| ASSIGNED TASK |
Excluding all pictures, please output the listing exactly.

| RECORDED INFORMATION |
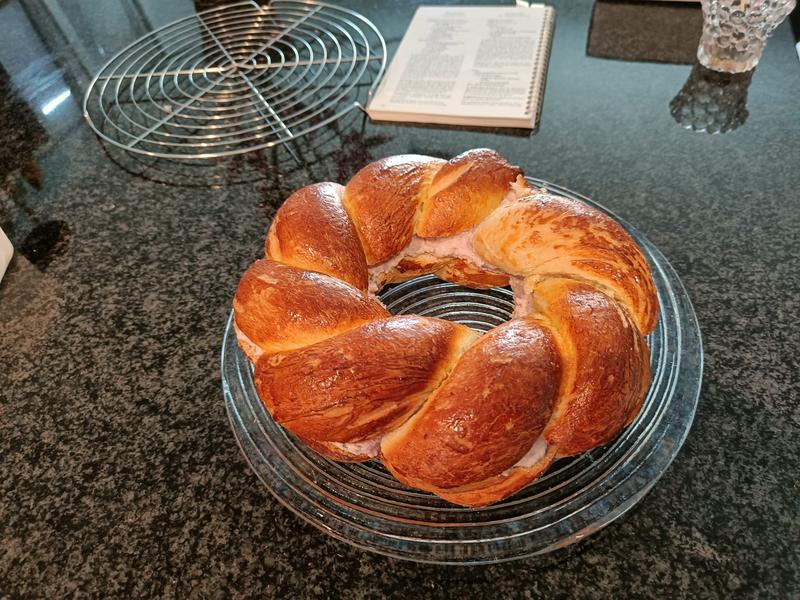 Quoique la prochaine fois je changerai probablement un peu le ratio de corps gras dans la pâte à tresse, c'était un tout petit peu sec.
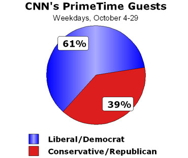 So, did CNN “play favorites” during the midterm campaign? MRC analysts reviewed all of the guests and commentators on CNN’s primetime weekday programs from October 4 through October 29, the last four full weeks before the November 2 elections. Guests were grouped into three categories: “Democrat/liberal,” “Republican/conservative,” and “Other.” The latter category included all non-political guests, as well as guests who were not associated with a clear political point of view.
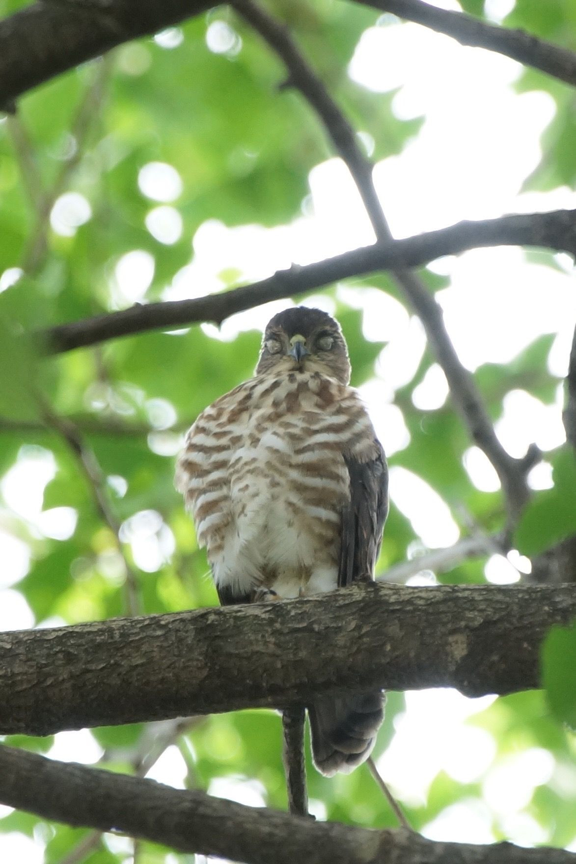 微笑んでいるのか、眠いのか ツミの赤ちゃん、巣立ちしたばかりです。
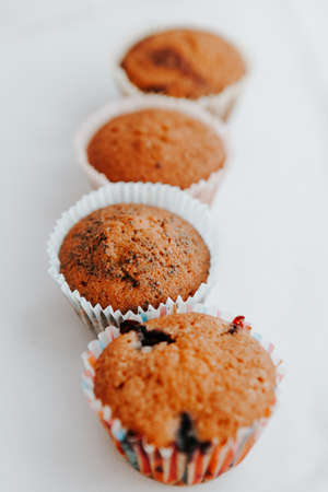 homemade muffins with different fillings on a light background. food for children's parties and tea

| RESPONSE BELOW |
 Quoique la prochaine fois je changerai probablement un peu le ratio de corps gras dans la pâte à tresse, c'était un tout petit peu sec.
 So, did CNN “play favorites” during the midterm campaign? MRC analysts reviewed all of the guests and commentators on CNN’s primetime weekday programs from October 4 through October 29, the last four full weeks before the November 2 elections. Guests were grouped into three categories: “Democrat/liberal,” “Republican/conservative,” and “Other.” The latter category included all non-political guests, as well as guests who were not associated with a clear political point of view.
 微笑んでいるのか、眠いのか ツミの赤ちゃん、巣立ちしたばかりです。
 homemade muffins with different fillings on a light background. food for children's parties and tea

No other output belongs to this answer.